TASK ITEM: From the first line of the records below through the line with "Phrase Q&A written", output each line exactly; skip the pictures.

____________

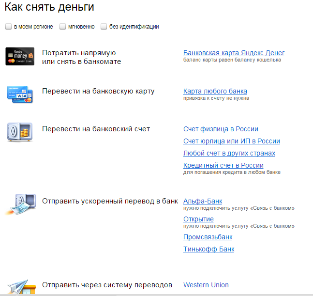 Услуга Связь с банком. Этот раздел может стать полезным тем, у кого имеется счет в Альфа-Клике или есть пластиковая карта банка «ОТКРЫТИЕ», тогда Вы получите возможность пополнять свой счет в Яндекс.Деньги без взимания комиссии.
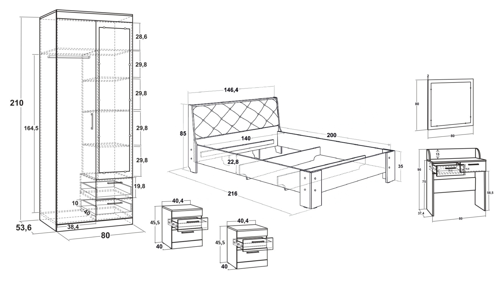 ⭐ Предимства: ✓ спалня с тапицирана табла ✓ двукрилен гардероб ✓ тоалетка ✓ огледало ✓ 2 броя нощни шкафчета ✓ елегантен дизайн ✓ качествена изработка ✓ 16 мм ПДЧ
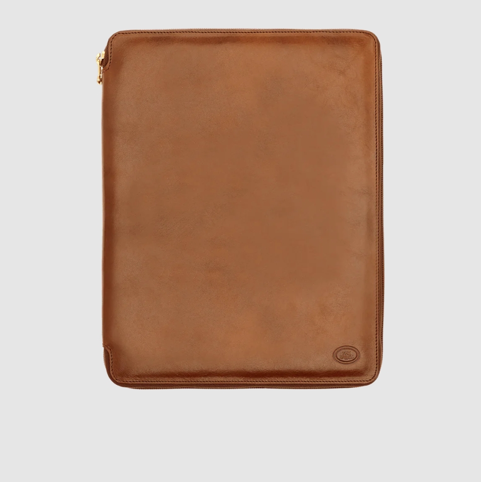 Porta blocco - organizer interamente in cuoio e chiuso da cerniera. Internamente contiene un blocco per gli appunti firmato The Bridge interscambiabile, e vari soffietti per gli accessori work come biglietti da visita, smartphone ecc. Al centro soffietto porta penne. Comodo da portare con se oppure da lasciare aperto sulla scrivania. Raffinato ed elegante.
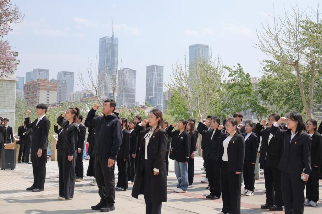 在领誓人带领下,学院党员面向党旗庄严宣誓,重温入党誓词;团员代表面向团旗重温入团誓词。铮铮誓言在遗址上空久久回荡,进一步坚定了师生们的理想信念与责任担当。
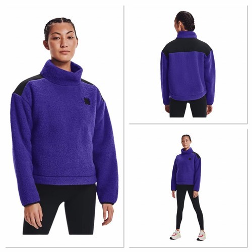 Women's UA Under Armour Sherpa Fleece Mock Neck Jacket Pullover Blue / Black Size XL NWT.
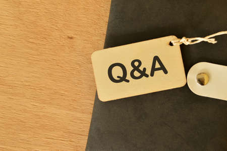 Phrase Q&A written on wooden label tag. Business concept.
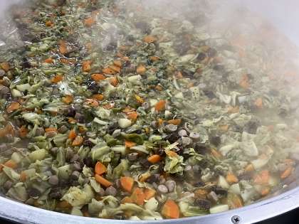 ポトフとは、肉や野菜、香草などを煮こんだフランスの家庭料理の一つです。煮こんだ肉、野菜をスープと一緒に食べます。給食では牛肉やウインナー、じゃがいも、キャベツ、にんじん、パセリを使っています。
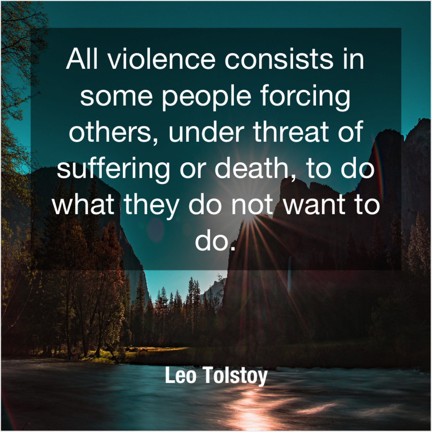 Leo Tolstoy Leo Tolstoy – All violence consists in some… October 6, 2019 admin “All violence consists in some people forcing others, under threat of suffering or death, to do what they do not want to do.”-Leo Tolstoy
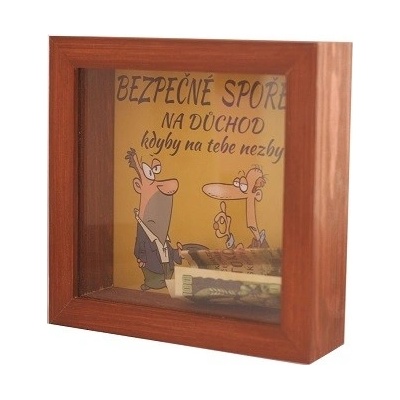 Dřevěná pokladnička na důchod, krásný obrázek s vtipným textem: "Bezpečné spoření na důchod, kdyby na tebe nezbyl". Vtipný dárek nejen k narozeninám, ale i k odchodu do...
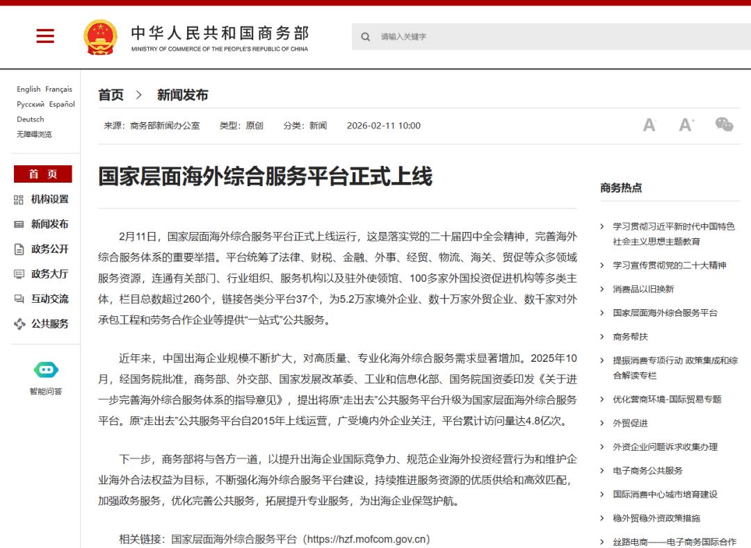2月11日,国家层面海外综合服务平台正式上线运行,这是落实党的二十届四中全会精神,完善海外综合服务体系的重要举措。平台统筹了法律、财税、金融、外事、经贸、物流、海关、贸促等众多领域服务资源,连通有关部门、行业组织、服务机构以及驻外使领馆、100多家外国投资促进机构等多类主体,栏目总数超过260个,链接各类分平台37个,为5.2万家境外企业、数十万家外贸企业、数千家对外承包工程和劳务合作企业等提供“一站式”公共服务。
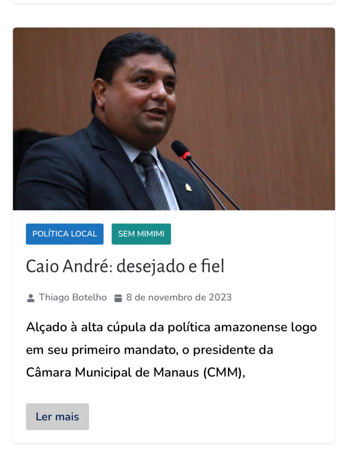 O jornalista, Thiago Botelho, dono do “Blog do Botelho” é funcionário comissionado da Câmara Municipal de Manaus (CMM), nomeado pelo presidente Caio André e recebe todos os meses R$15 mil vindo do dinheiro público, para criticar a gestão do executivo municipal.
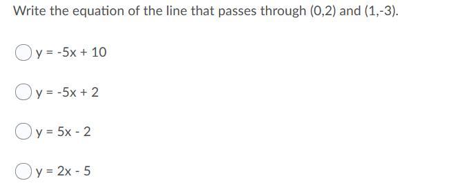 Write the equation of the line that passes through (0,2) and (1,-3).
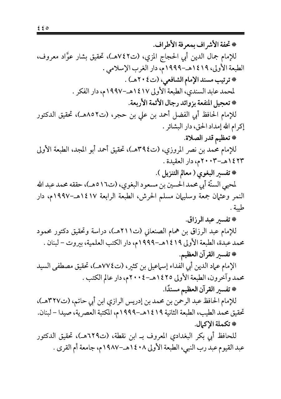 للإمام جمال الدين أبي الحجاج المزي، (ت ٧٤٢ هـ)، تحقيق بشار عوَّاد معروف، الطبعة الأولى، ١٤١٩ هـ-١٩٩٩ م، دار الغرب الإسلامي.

____________

COMPLETED EXERCISE:
 Услуга Связь с банком. Этот раздел может стать полезным тем, у кого имеется счет в Альфа-Клике или есть пластиковая карта банка «ОТКРЫТИЕ», тогда Вы получите возможность пополнять свой счет в Яндекс.Деньги без взимания комиссии.
 ⭐ Предимства: ✓ спалня с тапицирана табла ✓ двукрилен гардероб ✓ тоалетка ✓ огледало ✓ 2 броя нощни шкафчета ✓ елегантен дизайн ✓ качествена изработка ✓ 16 мм ПДЧ
 Porta blocco - organizer interamente in cuoio e chiuso da cerniera. Internamente contiene un blocco per gli appunti firmato The Bridge interscambiabile, e vari soffietti per gli accessori work come biglietti da visita, smartphone ecc. Al centro soffietto porta penne. Comodo da portare con se oppure da lasciare aperto sulla scrivania. Raffinato ed elegante.
 在领誓人带领下,学院党员面向党旗庄严宣誓,重温入党誓词;团员代表面向团旗重温入团誓词。铮铮誓言在遗址上空久久回荡,进一步坚定了师生们的理想信念与责任担当。
 Women's UA Under Armour Sherpa Fleece Mock Neck Jacket Pullover Blue / Black Size XL NWT.
 Phrase Q&A written on wooden label tag. Business concept.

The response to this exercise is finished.